Provided data:
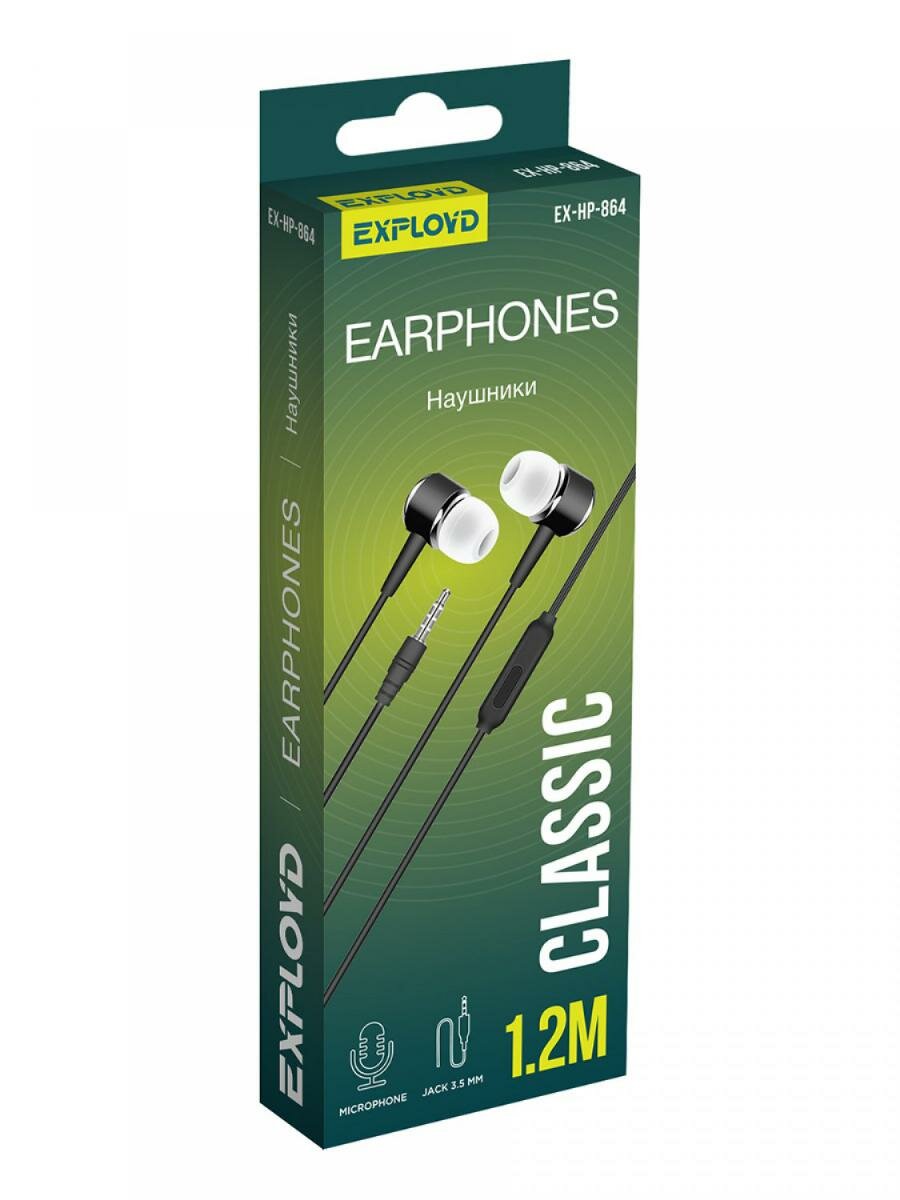 Купить Наушники Exployd EX-HP-864, вакуумные, микрофон, 108 дБ, 32 Ом, 3.5 мм, 1.2м, черные
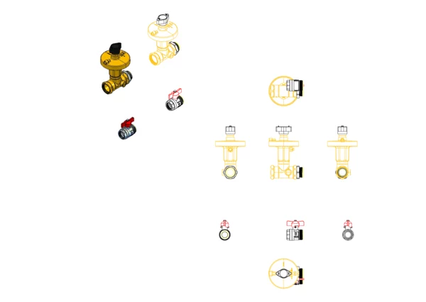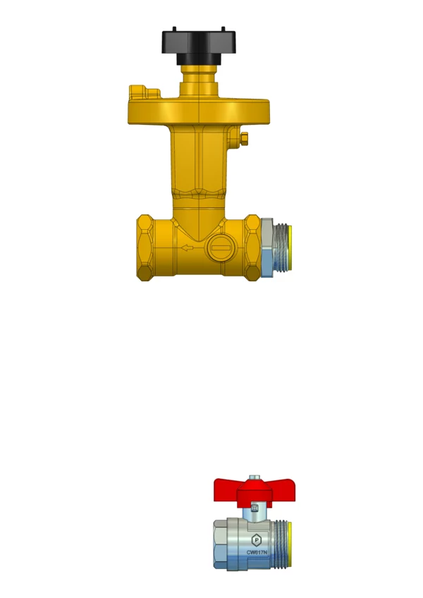 Anschlussgarnitur ohne Wärmezählerverrohrung, bestehend aus Vorlaufkugelhahn und absperrbarem Differenzdruckregler im Rücklauf, für den horizontalen Primäranschluss von Flächenheizungs- und Heizkörper-Anschlussverteilern. Über den Differenzdruckrgler ist ein automatischer hydraulischer Abgleich des Verteilers vom Heizungssystem gegeben.
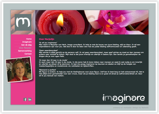 Marjolijn van Herk benaderde Nathalie voor het ontwikkelen van een huisstijl die de veelzijdigheid van haar diensten naar haar klanten communiceert. Design by Nathalie heeft vervolgens een stijl ontwikkeld waarbij de structuur van kleding gemengd met oosterse invloeden centraal staat. Dit artwork is omgezet naar een heldere website en verschillende soorten drukwerk. |
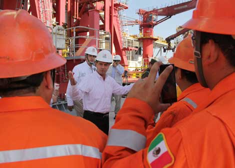 En la conmemoración del 76 aniversario de la expropiación petrolera realizada en Cosoleacaque, Veracruz, el presidente Enrique Peña Nieto recorrió la plataforma semisumergible de perforación de aguas profundas Centenario GR Foto Presidencia
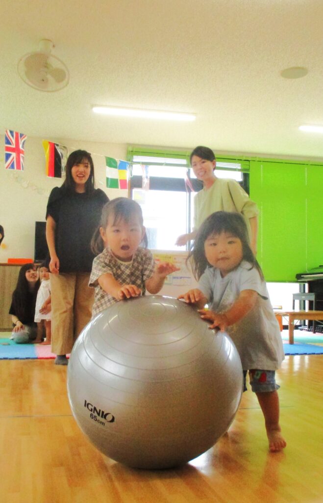 大きな玉を上手く押せずに手こずる子もいれば、お友だちと一緒にコロコロと転がす子もいました。
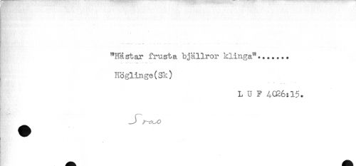 //// t . - ' !* ' //// r - //// - //// R'.- ......... ...-....... - .. - . < //// "Hästar frusta bjällror klinga^....... //// .....^ - ,.. //// Höglinge(Sk) //// L U F 4026:15. ////
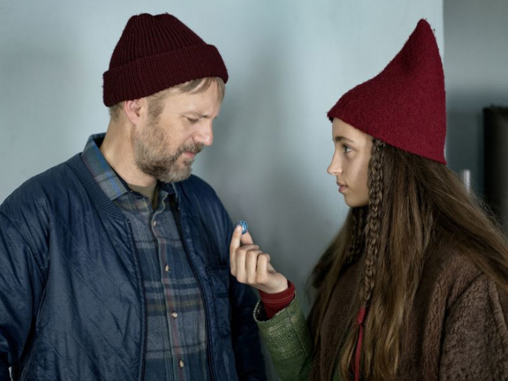 Tinka (Josephine Chavarria Hßjbjerg) zeigt Storm (Troels Lyby) die Botschaft der Briefkugel.
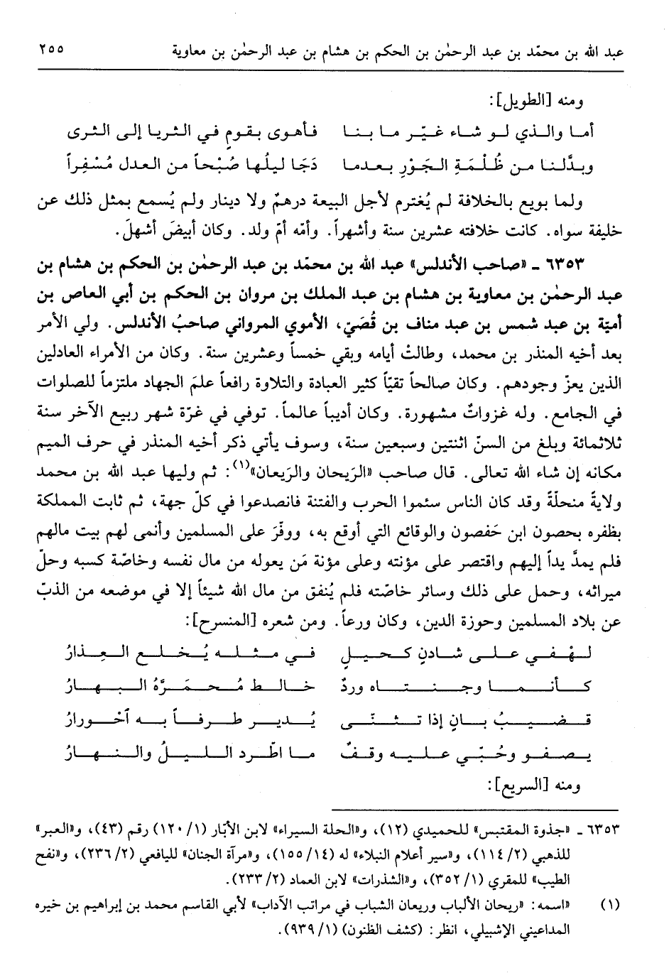صَاحب الأندلس عبد الله بن مُحَمَّد بن عبد الرحمان الحكم بن هِشَام بن عبد الرحمان ابْن مُعَاوِيَة بن هِشَام بن عبد الْملك بن مَرْوَان بن الحكم بن أبي الْعَاصِ بن أُميَّة عبد شمس بن عبد منَاف بن قصي الْأمَوِي المرواني صَاحب الأندلس ولي الْأَمر بعد أَخِيه الْمُنْذر بن مُحَمَّد وطالت أَيَّامه وَبَقِي خمْسا وَعشْرين سنة وَكَانَ من الْأُمَرَاء العادلين الَّذين يعز وجودهم وَكَانَ صَالحا تقياً كثير الْعِبَادَة والتلاوة رَافعا علم الْجِهَاد مُلْتَزما للصلوات فِي الْجَامِع وَله غزوات مَشْهُورَة وَكَانَ أديباً عَالما توفّي فِي غرَّة شهر ربيع الآخر سنة ثَلَاثمِائَة وَبلغ من السن اثْنَتَيْنِ وَسبعين سنة وسوف يَأْتِي ذكر أَخِيه الْمُنْذر فِي حرف الْمِيم مَكَانَهُ إِن شَاءَ الله تَعَالَى قَالَ صَاحب الريحان والريعان ثمَّ وَليهَا عبد الله بن مُحَمَّد ولَايَة منحلةً وَقد كَانَ النَّاس سئموا الْحَرْب والفتنة فانصدعوا فِي كل جِهَة ثمَّ ثَابت المملكة بظفره بحصون ابْن حفصون والوقايع الَّتِي أوقع بِهِ ووفر على الْمُسلمين وأنمى لَهُم بَيت مَالهم فَلم يمد يدا إِلَيْهِم وَاقْتصر على مُؤْنَته وعَلى مُؤنَة من يعوله من مَال نَفسه وخاصة كَسبه وَحل مِيرَاثه وَحمل على ذَلِك وَلَده وَسَائِر خاصته فَلم ينْفق من مَال الله شَيْئا إِلَّا فِي مَوْضِعه من الذب عَن بِلَاد الْمُسلمين وحوزة الدّين وَكَانَ روعاً

Exercise aim: Starting at the first line of the data, set down each line exactly until you have copied the line with "Anschlussgarnitur ohne Wärmezählerverrohrung, bestehend", but leave the pictures out.

Solved problem:
 Купить Наушники Exployd EX-HP-864, вакуумные, микрофон, 108 дБ, 32 Ом, 3.5 мм, 1.2м, черные
 Anschlussgarnitur ohne Wärmezählerverrohrung, bestehend aus Vorlaufkugelhahn und absperrbarem Differenzdruckregler im Rücklauf, für den horizontalen Primäranschluss von Flächenheizungs- und Heizkörper-Anschlussverteilern. Über den Differenzdruckrgler ist ein automatischer hydraulischer Abgleich des Verteilers vom Heizungssystem gegeben.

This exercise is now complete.